PH.D DEFENCE - PUBLIC SEMINAR

Improving Network Diagnostics using Programmable Networks

Speaker
Mr Pravein Govindan Kannan
Advisor
Dr Chan Mun Choon, Professor, School of Computing


23 Mar 2020 Monday, 03:00 PM to 04:30 PM

Executive Classroom, COM2-04-02

Abstract :

Network Diagnostics (monitoring, debugging and testing) in data centers has always been difficult. The problem is only getting more challenging with link speeds reaching 400 Gbps, the number of end-points crossing 100K and data center topologies getting more complex. Furthermore, with an increase in virtualized and diverse applications, network interactions have become more complicated. Recent studies have noted that network faults are extremely hard to diagnose due to their transient nature. Debugging such hard-to-diagnose issues require a global snapshot of the network to understand and rectify the problems accurately. However, obtaining a consistent global state of the network is extremely difficult with network metrics changing in the order of few nanoseconds.

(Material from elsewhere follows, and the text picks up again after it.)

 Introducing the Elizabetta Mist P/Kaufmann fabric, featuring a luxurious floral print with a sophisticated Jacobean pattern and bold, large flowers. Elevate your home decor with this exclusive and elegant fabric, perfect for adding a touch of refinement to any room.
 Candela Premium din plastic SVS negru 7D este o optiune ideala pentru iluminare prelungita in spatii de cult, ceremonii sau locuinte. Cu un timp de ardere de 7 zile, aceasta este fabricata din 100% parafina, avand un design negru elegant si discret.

Recent advances in programmable networking have lead to better control, management and programmability of networks in the control-plane as well as data-plane. In this thesis, we study how network diagnostics of data-center networks can be enhanced by leveraging programmable networks. To enable consistent and fine-grained monitoring of network-wide events in the data-plane, precise time-synchronization is essential in the network data-plane. We design and implement a time-synchronization protocol, DPTP that leverages high-resolution clocks, stateful memory and flexible header parsing available in programmable switches to maintain the clock in the network data-plane of each data-center switch. The network acts as the master clock for the end-hosts thus enabling time-synchronization within sub-RTT timescales. Our evaluation on a multi-switch testbed shows that DPTP can achieve median and 99th percentile synchronization error of 19ns and 47ns between 2 switches, 4-hops apart, in the presence of clock drifts and under heavy network load.

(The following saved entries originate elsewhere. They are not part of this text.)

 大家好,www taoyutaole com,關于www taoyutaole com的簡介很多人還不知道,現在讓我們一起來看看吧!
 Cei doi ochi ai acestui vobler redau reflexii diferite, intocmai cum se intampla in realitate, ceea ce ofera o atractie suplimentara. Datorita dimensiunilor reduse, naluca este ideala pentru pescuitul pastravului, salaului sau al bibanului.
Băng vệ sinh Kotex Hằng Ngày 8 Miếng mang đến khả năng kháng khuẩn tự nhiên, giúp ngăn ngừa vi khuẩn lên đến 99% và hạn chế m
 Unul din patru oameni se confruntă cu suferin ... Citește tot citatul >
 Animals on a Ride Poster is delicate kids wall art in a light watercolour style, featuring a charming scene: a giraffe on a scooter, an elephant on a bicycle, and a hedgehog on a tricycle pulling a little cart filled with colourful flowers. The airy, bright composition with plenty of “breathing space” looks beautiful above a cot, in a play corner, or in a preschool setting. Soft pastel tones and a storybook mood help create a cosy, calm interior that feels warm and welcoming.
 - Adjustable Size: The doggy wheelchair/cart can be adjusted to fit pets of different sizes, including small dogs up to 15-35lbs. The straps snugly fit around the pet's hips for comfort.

Leveraging the synchronized network data-plane clocks, we design and implement DejaVu, a framework to consistently record network-wide events at a packet-level granularity to debug ephemeral events. We leverage the programmable switches' SRAM to provide a temporal storage of packets recordings and enable network-wide offline debugging using SQL queries. Additionally, DejaVu provides a programming abstraction for the network operators to change configuration of metrics to be collected along with the packet recordings. We evaluate DejaVu using a realistic topology with programmable switches, and achieve consistent ordering of packet records, to correlate and find root cause of various network faults without affecting line-rate traffic.

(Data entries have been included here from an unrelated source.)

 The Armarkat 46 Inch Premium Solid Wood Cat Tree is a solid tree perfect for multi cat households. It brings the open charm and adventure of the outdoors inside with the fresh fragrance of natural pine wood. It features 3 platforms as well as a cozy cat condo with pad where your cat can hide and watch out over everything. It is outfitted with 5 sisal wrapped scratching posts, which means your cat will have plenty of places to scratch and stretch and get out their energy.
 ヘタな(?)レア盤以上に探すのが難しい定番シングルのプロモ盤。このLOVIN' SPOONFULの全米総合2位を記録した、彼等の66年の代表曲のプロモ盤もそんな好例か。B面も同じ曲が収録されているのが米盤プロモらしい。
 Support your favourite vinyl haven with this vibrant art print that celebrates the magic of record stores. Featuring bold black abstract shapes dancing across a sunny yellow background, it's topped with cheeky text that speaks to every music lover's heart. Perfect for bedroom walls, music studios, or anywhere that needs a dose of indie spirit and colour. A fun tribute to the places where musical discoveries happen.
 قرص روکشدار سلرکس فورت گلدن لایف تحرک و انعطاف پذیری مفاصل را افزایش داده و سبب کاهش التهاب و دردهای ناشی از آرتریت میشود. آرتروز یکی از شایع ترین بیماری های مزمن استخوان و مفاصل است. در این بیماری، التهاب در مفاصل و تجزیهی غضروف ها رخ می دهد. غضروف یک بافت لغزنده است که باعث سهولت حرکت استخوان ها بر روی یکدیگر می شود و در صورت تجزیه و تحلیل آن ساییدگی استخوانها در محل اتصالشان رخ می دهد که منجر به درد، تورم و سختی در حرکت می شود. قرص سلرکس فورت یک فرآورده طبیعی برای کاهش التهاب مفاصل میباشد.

Finally it is important to test and validate the fixes, protocols and research ideas on a network environment with high fidelity and scale to prevent unexpected failures in the production network. However, the available emulators fail to address the fundamental need of test scenarios requiring diverse and scalable set of network topologies. To facilitate this, we propose a novel approach to embed arbitrary data center topologies on a substrate network of programmable switches using our network virtualization technique, called Bare-metal Network Virtualization (BNV). BNV leverages the control-plane APIs of programmable switches to build a network hypervisor. Our evaluations show that BNV can support various data center topologies with less number of switches and can facilitate building a high fidelity, repeatable and isolated experimentation platform for data center network operators and networking research.
These systems demonstrate that it is possible to develop precise monitoring, debugging and testing frameworks to enhance network diagnostics using programmable networks.